Белоглазый окинул широким, медленным взглядом притихшую толпу. Распятый на земле уже не кричал – тихо выл, как волк. Отрубленная кисть отлетела к сапогам раскосого солдата.

– Так будет с каждым, кто осмелится бежать из дивизии! Повесить его на вожжах на Китайских воротах!

Распрягли лошадь; она заржала длинно, тоскливо. Отстегнули вожжи. Солнце поднималось над степью все выше, далекие, видные из походного лагеря дома и храмы Урги, призрачные, поднебесные, висели в воздушном мареве. Степь тихо шелестела под холодным ветром бастылами высохшей травы. Ружанского вздернули на вожжах в проеме Китайских ворот – древних, разрушенных каменных ворот Урги, близ которых и разбит был военный лагерь.

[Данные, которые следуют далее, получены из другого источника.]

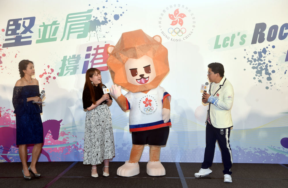 6月15日,中國香港代表團(tuán)吉祥物“堅(jiān)仔”(右二)亮相。新華社記者盧炳輝攝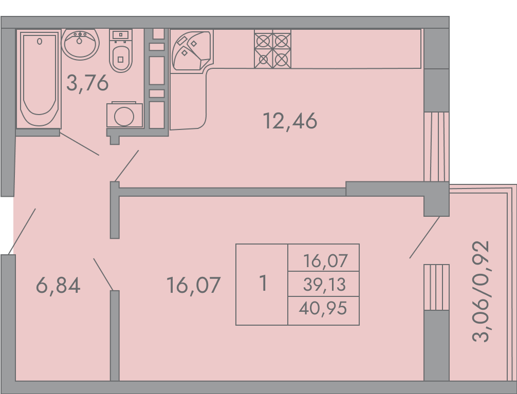 1-комн. 40.95 м²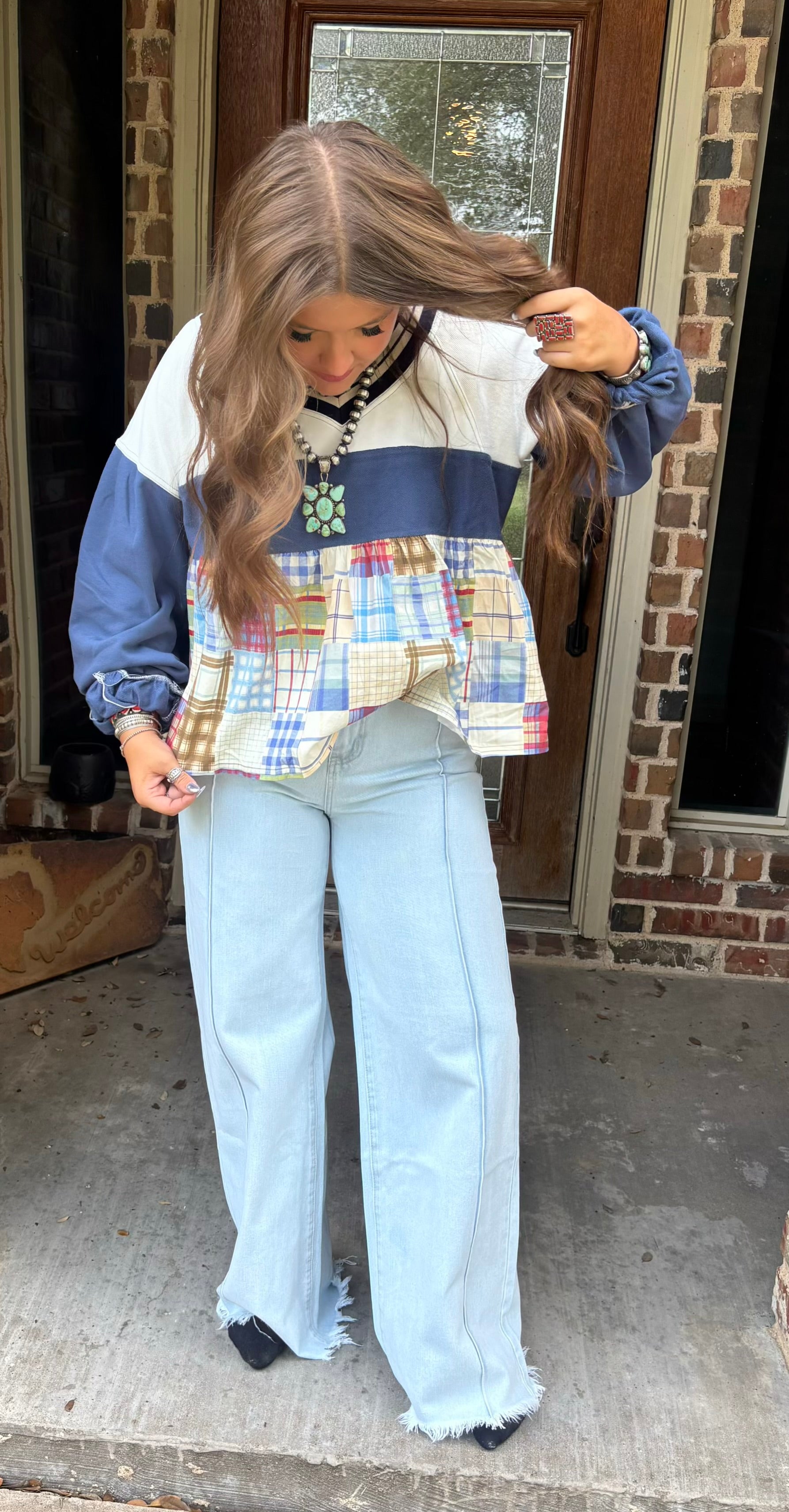 Mid-rise, straight leg with a seam down the middle

Бездыханное тело чуть качалось – его шевелил ветер. Ветер взвивал и светлые волосы на юношеской голове. Адъютант Ружанский был почти мальчишка. Он до войны числился студентом Петроградского политехникума. Женщина с золотыми растрепанными косами, в изорванной одежде, омертвело застывшая внизу, под воротами, его жена Елизавета, окончила Смольный институт с отличием.

Бурдуковский, рослый, грузный, мрачный, огромный медведь, с толстым потным бородатым лицом, тяжело отдуваясь, подшагнул к генералу.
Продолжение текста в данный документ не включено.